There is a parallel and very ancient and widespread tradition of the sexy vampire, using the term in its broadest sense. In ancient Greece and Rome they had the lamia, a beautiful demoness who seduced men in order to drink their blood, and there was a very similar notion about ghouls in the Middle East. In China they have very similar ideas about vampires — some being shambling, zombie-like monsters and others beautiful temptresses looking to drain their victims’ blood. In Hebrew tradition the daughters of Lilith, Adam’s first wife, took revenge for his rejection of her by seducing his descendants and drinking their blood. So the sexiness of vampires is nothing new and it’s tied up with the mystical significance of blood as the carrier of life in more than a purely physical sense. There is a mystery about blood that cannot quite be pinned down or explained away. It’s tied up also with power in relationships — domination and subservience — much of which is unconscious and equally beyond easy explanation.

Modern vampire stories tap right into this ongoing dream or nightmare and I think the changing nature of the vampire mythos — their not necessarily being still vulnerable to holy water and crucifixes, for example — reflects one of their most basic talents, which is shape-shifting. They adapt to their circumstances and thus present every generation with fresh, queasily seductive terror, at the same time posing awkward questions about morality.

Michelle Belanger (psychic vampire and author of the Psychic Vampire Codex)
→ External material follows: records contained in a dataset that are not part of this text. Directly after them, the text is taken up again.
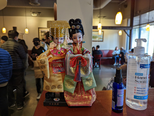 Every time I visit, I feel like I have walked into my Korean friends homes. One person very calmly hovers over the cashier, while a bunch of waitresses furiously run around with dishes and utensils. This usually means very fast service in and out for lunch! We usually arrive around 11:30-11:45am and there is not too long of a wait for a 4+ persons table. My favorites are the tofu soup and kalbi lunch specials with red rice The dolsot bibimbap is also good. For the non-adventurous, white rice is also offered.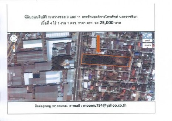 ขายที่ดิน 4 ไร่ 1 งาน 1 ตรว. หน้ากว้าง 40 เมตร ลึก 173.6 เมตร บนถนนสืบศิริระหว่างซอย 7 และซอย 9 ตรว. ละ 25000 ตรงข้ามองค์การโทรศัพท์ ติดต่อหมู 085813984 e-mail : [email protected]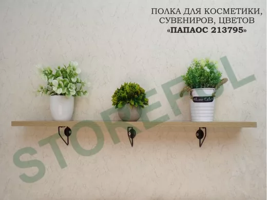 • Стильная полка в лофт-стиле. Простая конструкция изделия, позволяет добиться высокой надежности, а её минималистичный дизайн впишется абсолютно в любой интерьер. Полка идеально подойдет для косметики, сувениров, цветов и  декоративных мелочей.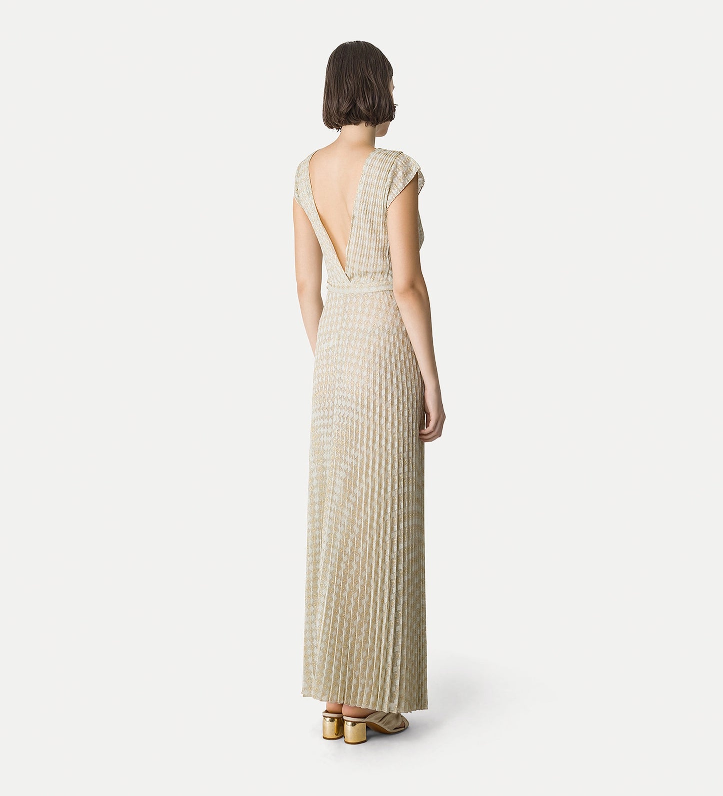 A delicate pattern like a light texture adorns this pleated dress in diamond jersey, with feminine lines and a softly flared skirt. Naturally elegant, this long dress reveals the neckline with a v-cut both in front and at the back, enhanced by a fitted bodice and gently flaring skirt. The lurex thread running through the jersey adds a luminous, subtly glamorous touch.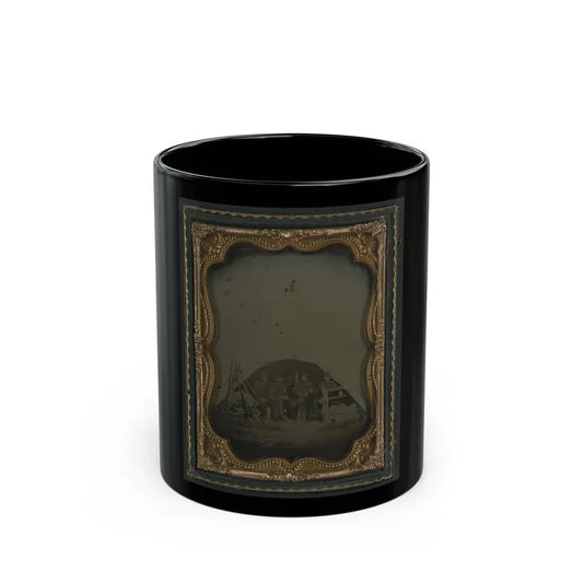 Three Unidentified Soldiers In Union Uniform In Front Of Painted Military Camp Scene Backdrop (U.S. Civil War) Black Coffee Mug

The vampire as we know it today has its roots definitively in the folklore of Eastern Europe, and to some extent these vampire beliefs are still in place in rural areas today. The vampires from folklore, on the whole, are not at all what might be expected by people exposed to the pop culture archetype we’ve all come to know. These vampires are risen corpses. They are unlovely creatures, and many of their distinguishing features stand in direct contrast to the svelte and sexy vampires seen on shows like True Blood. One Greek type of vampire, the vrykolakas, gets its name from a word meaning “drum-like,” and this word is applicable to vampires in general because they were believed to batten in their graves on the blood sucked from victims in the night, growing large and swollen in their coffins. The vampires of folklore are also frequently described as being red, not pale, because they were thought to grow flushed and ruddy with that self-same blood.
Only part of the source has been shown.